**** Source material

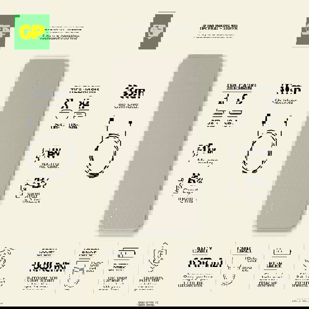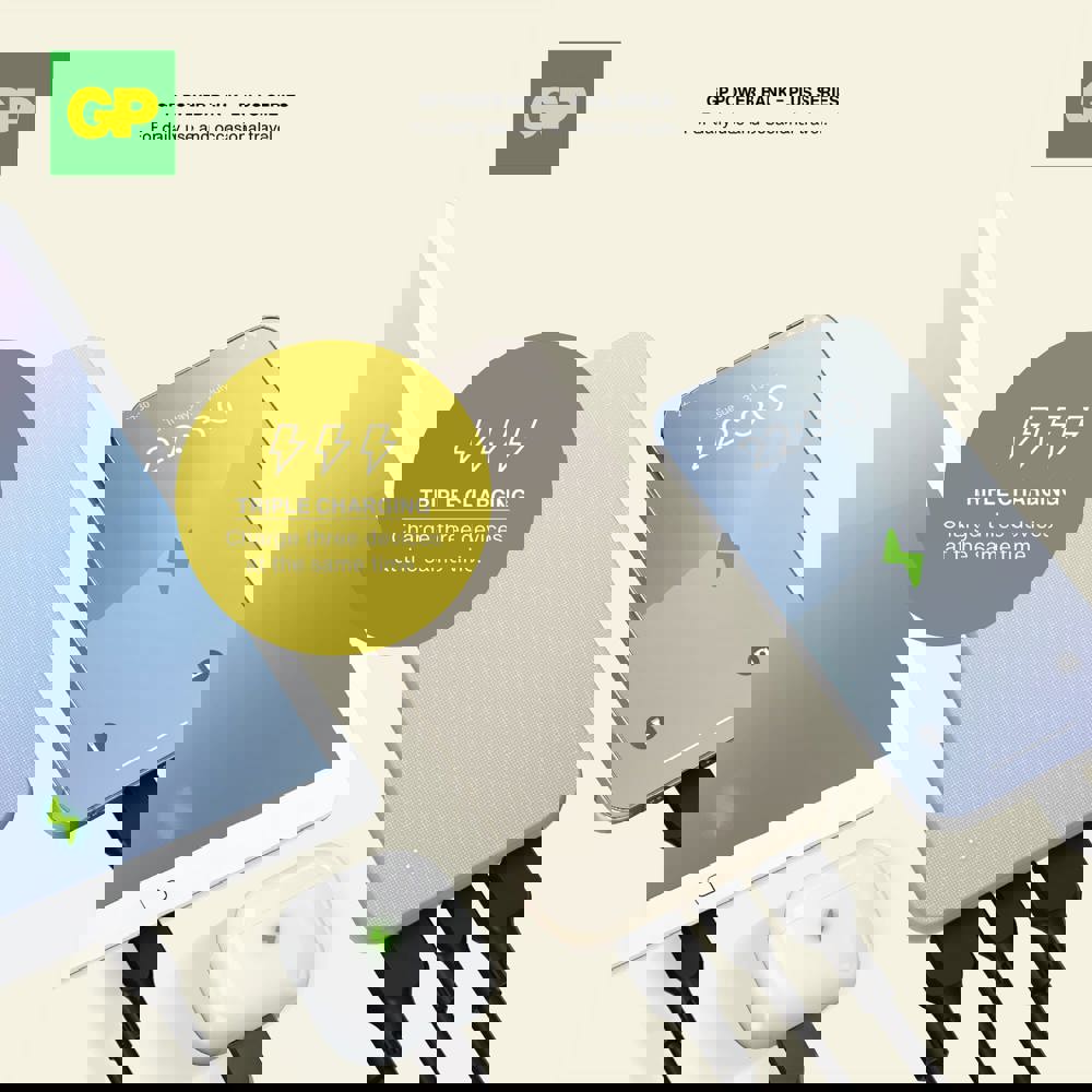 De GP PowerBank combineert betrouwbare stroomvoorziening met een stijlvol design. Met een capaciteit van 10000 mAh kun je drie apparaten gelijktijdig opladen via 2x USB-A en 1x USB-C. De powerbank is uitgerust met een 8-voudige beveiliging voor veilig gebruik en een gegarandeerde lange levensduur. Ideaal voor professioneel en dagelijks gebruik.
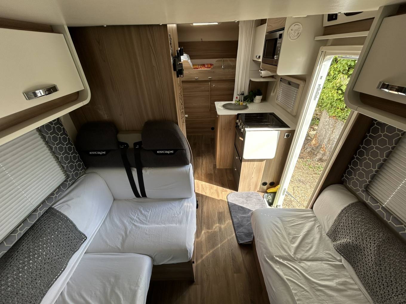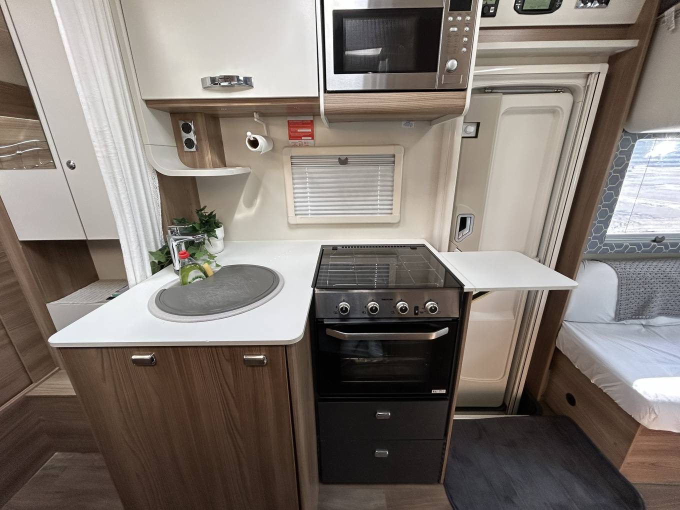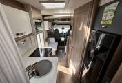 The intelligently designed interior offers flexible sleeping for six via the pull-down over-cab double bed, rear bunk beds and convertible lounge bed. Large windows with fly screens and blackout blinds create a light, airy atmosphere while maintaining privacy. The well-equipped kitchen features a three-burner hob, oven/grill and generous fridge-freezer, while the practical washroom includes a shower, toilet and ample storage.
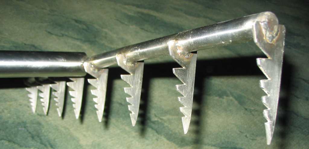 Заказал себе грабли из нержи. В основе - трубка диаметром 20мм, длиной 56см, приваренных к ней клиновидных зубьев - 8 ( через каждые 8см), в каждом зубе по 5 пропилов и вертикально приварен кусочек трубы потолще для древка. Коля, вопрос, зубья делать из нержавейки какой толщины? Как считаешь? Я хочу не слишком тяжелые грабли, потому зубья из 2мм стали, мастер же упирается, говорит что за счет пропилов будет утеряна прочность, поэтому сталь не менее 3мм..... рассудите.

********

Task:
Nothing but the lines from the one containing "The intelligently designed" through the last line of the listing should be copied, each word for word and without pictures.

Result:
 The intelligently designed interior offers flexible sleeping for six via the pull-down over-cab double bed, rear bunk beds and convertible lounge bed. Large windows with fly screens and blackout blinds create a light, airy atmosphere while maintaining privacy. The well-equipped kitchen features a three-burner hob, oven/grill and generous fridge-freezer, while the practical washroom includes a shower, toilet and ample storage.
 Заказал себе грабли из нержи. В основе - трубка диаметром 20мм, длиной 56см, приваренных к ней клиновидных зубьев - 8 ( через каждые 8см), в каждом зубе по 5 пропилов и вертикально приварен кусочек трубы потолще для древка. Коля, вопрос, зубья делать из нержавейки какой толщины? Как считаешь? Я хочу не слишком тяжелые грабли, потому зубья из 2мм стали, мастер же упирается, говорит что за счет пропилов будет утеряна прочность, поэтому сталь не менее 3мм..... рассудите.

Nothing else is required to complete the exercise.